Kihyuk Sunga, Jinsu Baekb, Soonyoung Choic, Byeong-Su Kimb, Sang-Ho Leec, In-Hwan Lee*d and Hye-Young Jang*a
aDepartment of Energy Systems Research, Ajou University, Suwon 16499, Korea. E-mail: hyjang2@ajou.ac.kr; Tel: +82(031)-219-2555
bDepartment of Chemistry, Yonsei University, Seoul 03722, Korea
cCenter for Advanced Specialty Chemicals, Korea Research Institute of Chemical Technology (KRICT), Ulsan 44412, Korea
dDepartment of Chemistry, Ajou University, Suwon 16499, Korea. E-mail: ilee@ajou.ac.kr

Received 3rd July 2023 , Accepted 7th August 2023

First published on 11th August 2023


Abstract

We have successfully synthesized a novel form of polyglycerol with an unprecedentedly low degree of branching (DB = 0.08–0.18), eliminating the need for glycidol protection. Leveraging the remarkable efficiency and selectivity of our Cu(triNHC) catalyst, comprising copper(I) ions and NHC ligands, we achieved a highly selective polymerization process. The proposed Cu-coordination mechanisms presented the formation of linear L1,3 units while effectively suppressing dendritic units. Consequently, our pioneering approach yielded polyglycerol with an ultralow DB and exceptional yields. To comprehensively assess the physical properties and topology of the synthesized polyglycerol, we employed 1H diffusion-ordered spectroscopy, size-exclusion chromatography, and matrix-assisted laser desorption/ionization-time of flight spectrometry. Remarkably, the ultralow-branched cyclic polyglycerol (DB = 0.08) synthesized at 0 °C showcased extraordinary characteristics, exhibiting the lowest diffusion coefficient and the highest molecular weight. This achievement establishes the significant potential of our polyglycerol with a low degree of branching, revolutionizing the field of biocompatible polymers.


Introduction

Polyglycerol is a highly regarded alternative to commercial poly(ethylene glycol) (PEG) due to its biocompatibility, water-solubility, low toxicity, and hydroxyl groups.1–5 Compared to PEG, polyglycerol has a higher degree of water solubility and amorphous nature because of the hydroxy groups present in its polymer chain.6 Furthermore, these hydroxy groups enable the polymer to bind to important biological molecules and metal ions for catalysis.7–9 The tunable synthesis of polyglycerol has been widely investigated due to its versatile characteristics, including the control of its degree of branching (DB).

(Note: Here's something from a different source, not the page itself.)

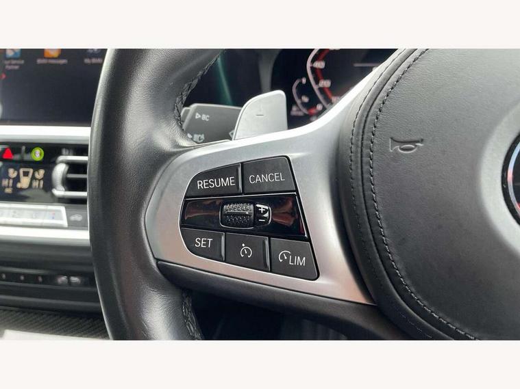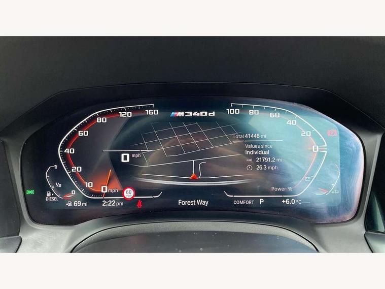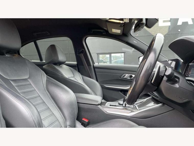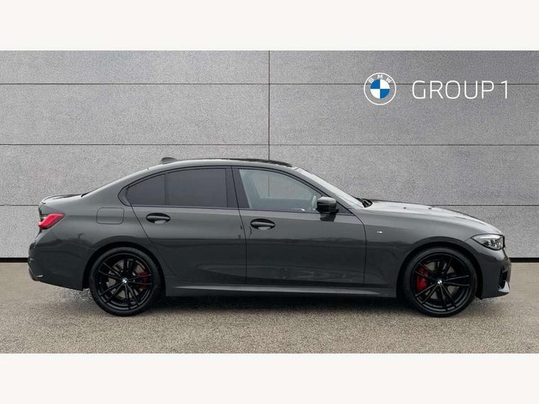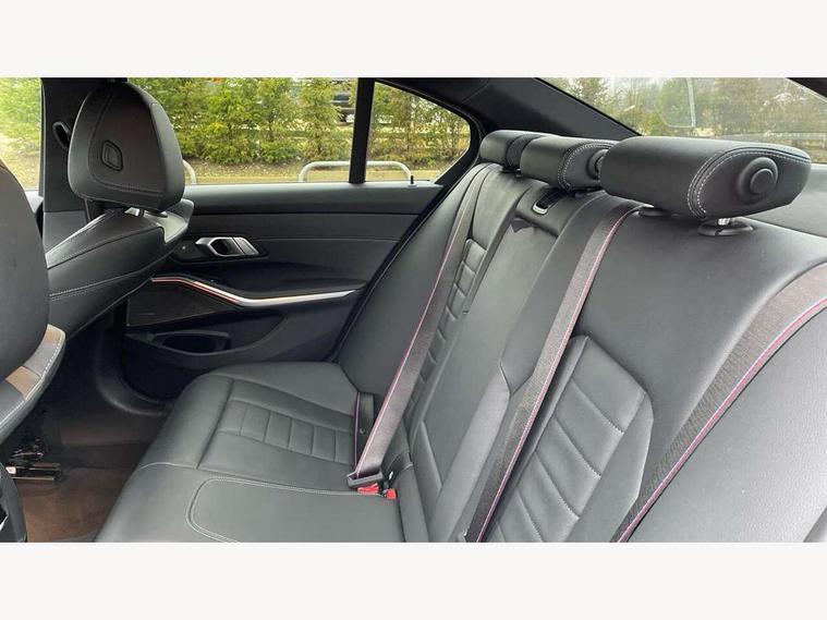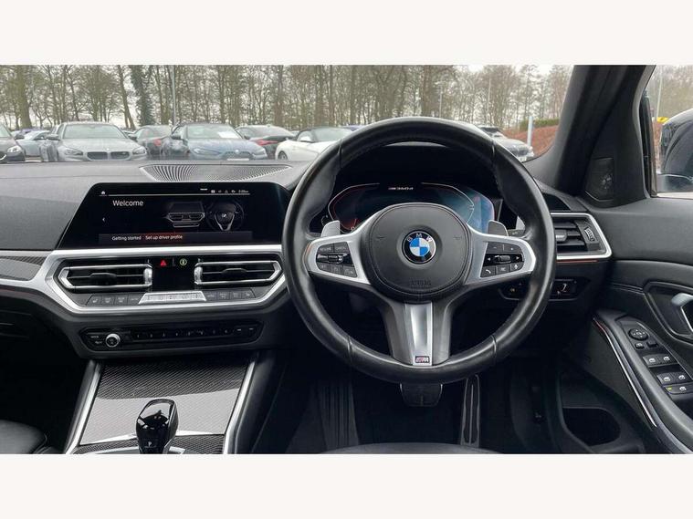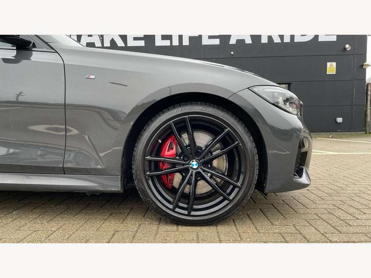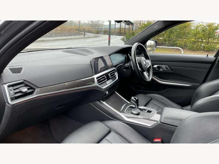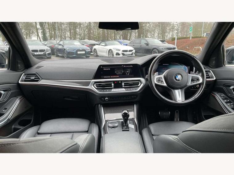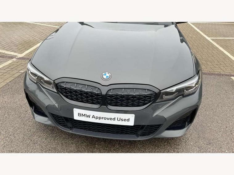Active guard plus, Attentiveness assist, Bluetooth hands free facility with USB audio interface with audio streaming, BMW iDrive controller on centre console, BMW Live Cockpit Professional Nav with 12.3" instrument display + 10.25" display, Intelligent Voice Assist, BMW OS 7, HDD, 2USB, 4G LTE connect, BMW service history, BMW Teleservices, Brake pad wear indicator in front and rear, Check Control warning system for monitoring of lights and door/luggage compartment open warning, Condition based service, Cruise control with brake function + speed limiter, Electric power steering with Servotronic steering optimised at all speed ranges, Instrument cluster with speedometer with mph readout, tachometer, fuel gauge and oil temperature gauge, Integrated owners handbook, Oil sensor for level and grade, warning by check control system, On board computer - average speed+fuel consumption, service interval, clock/date, odometer/trip meter, outside temperature display and ice warning, Optimum shift indicator, Personal Profile - automatic lock when driving away selectable, Variable sport steering, 48V Mild hybrid technology, Adaptive M suspension, Balanced 50/50 weight distribution, Battery cut-out switch, Diesel particulate filter, Drive performance control - ECO PRO, comfort and sport modes, Incorrect fuelling protection, Larger capacity fuel tank, M Sport differential, Stroke dependent dampers, DAB tuner, Electronic service booklet, 2 x square exhaust tailpipes, Acoustic glazing, Active airstream chrome frame kidney grille with 8 high gloss black vertical slats, Automatic headlight beam throw control with load dependent regulating reaction, dynamic compensation of braking dive and acceleration squat, Black roof mouldings, Body colour door handles, Body colour front and rear bumpers, Body colour fuel filler flap, Dynamic brake lights, Electric windows - front and rear, with open/close fingertip control, anti-trap facility and comfort closing, Exterior mirrors - electrically folding with anti-dazzle, Fading support, Front and rear bumper system with replaceable deformation elements, Front black door sill finishers with BMW designation, Green tinted heat protection glazing, High gloss shadow line exterior trim, Interior rear view electrochromatic mirror with automatic anti dazzle function, LED daytime running lights, LED front fog lights, Lightweight engineering, M designation on front side panels, left and right, M Sport spoiler, Matt black exterior B pillar, Model designation on right side of tailgate, Rain sensor with automatic headlight activation, Shark fin antenna, Sun protection glass, Two part LED tailights in L-shape with components in smoked glass, brake light, LED turn indicator and rear fog light, Visible VIN plate, Welcome lights in interior and door handle area, Windscreen wipers with integrated washing jets, xDrive designation on left tailgate, 12V power socket in front storage compartment, 2 front cupholder in centre console with clamping elements and matt black inlay, 3 rear seats with non folding headrests with 3 point seat belts, 3 zone automatic air conditioning, 4 pieces lashing eyelets in luggage compartment, 40:20:40 split folding rear seat with loading system, Ambient lighting with welcome carpet light, Anthracite headlining, Armrest integrated in front and rear door trim + front centre console armrest, Backrest width adjustment, Centred top Luggage compartment lights, Four grab handles integrated in roof lining, Front and rear door exit lighting (left / right), Front and rear door pockets, Front and rear reading lights, Front and rear velour floor mats, Front head restraints, Heated front seats, Height adjustable mechanically and infinitely variable steering column, Illuminated armrest storage compartment, Illuminated glove compartment with separate small compartment, Interior lighting - front centre over interior mirror with soft light, rear centre and front and rear footwell lighting, M sport leather steering wheel, Make-up mirror lights, Rear centre armrest with 2 cupholders, Rear centre console with storage compartment and ventilation grille, Sunvisors with vanity mirrors and ticket pocket, Toolkit located in luggage compartment, Connected pack professional - 3 Series Saloon/Touring, M sport exterior styling pack - 3 Series Saloon/Touring, 2 tone horn, BMW emergency call, Brake energy regeneration, Braking pre-tensioning, Child proof locking system in rear door, Child seat ISOFIX attachment rear outer seats, Coasting in idle in ECO PRO mode, Crash sensor activating of airbags, Unlocking doors, hazard warning lights, interior light, safety battery terminal, Driver and front passenger side airbags, integrated in the door side seat backrest bolsters for all seat variants, Driver/Front Passenger airbags, Dry braking, Dynamic brake control, Dynamic stability control + (DSC+) - Anti-lock Braking System (ABS) with brake assist and cornering brake control + Automatic Stability Control (ASC), Dynamic Traction Control - DTC, Electric parking brake including automatic hold function and automatic release of the parking brake when driving off, Front passenger manual airbag deactivation, Head airbags for all 4 outer seats, Hill start assist, M sport seatbelt, Seat belt security check for driver and front passenger, Side impact protection, Three 3 point seat belts on all seats including front belt stopper, pyrotechnic belt tensioners and belt force limiters, Tyre pressure monitoring with three level warning strategy, Ventilated front and rear disc brakes, Warning triangle and first aid kit, Alarm system (Thatcham 1) with remote control and electronic engine immobiliser, Central locking switch for all doors, fuel filler cap and luggage compartment, Remote control with integrated key one button open/close vehicle and windows, sole opening of the luggage compartment lid and panic mode, Start/stop button with Comfort Go keyless engine start and auto Start/stop deactivation button, Vehicle ke

By controlling the DB, the rheological and thermal properties of polyglycerol can be manipulated, which allows for a wide range of applications in the polymer industry.4,10–12

A number of techniques for the synthesis of polyglycerol with a high DB have been reported. For example, anionic,13–15 cationic,16–22 frustrated Lewis pair-catalyzed,23 and heterogeneous double metal cyanide (DMC)-catalyzed polymerization24 have been investigated for the synthesis of hyperbranched polyglycerol (i.e., DB > 0.5). In contrast, the synthesis of low-branched polyglycerol has been more limited. To synthesize polyglycerol with an ultralow DB, protected glycidol ether has been utilized in anionic ring-opening polymerization, hydrolyzed diethylzinc catalysis, and tri-isobutyl aluminum/ammonium salts catalysis.11,25 However, the deprotection of the alcohol is required after polymerization in these methods. The polymerization of unprotected glycidol with a low DB is challenging due to the facile chain growth at each hydroxy group in the polymer chain. Although various methods, such as kinetically controlled reactions with Sn(II) catalysts,8 batch polymerization with DMC catalysts,24 and aqueous epoxide ring-opening (AEROP),26 have been employed to produce polyglycerol with a low DB (0.15–0.29), there is still a need for the development of a simple and efficient catalyst that can promote the synthesis of polyglycerol with an ultralow DB (Scheme 1).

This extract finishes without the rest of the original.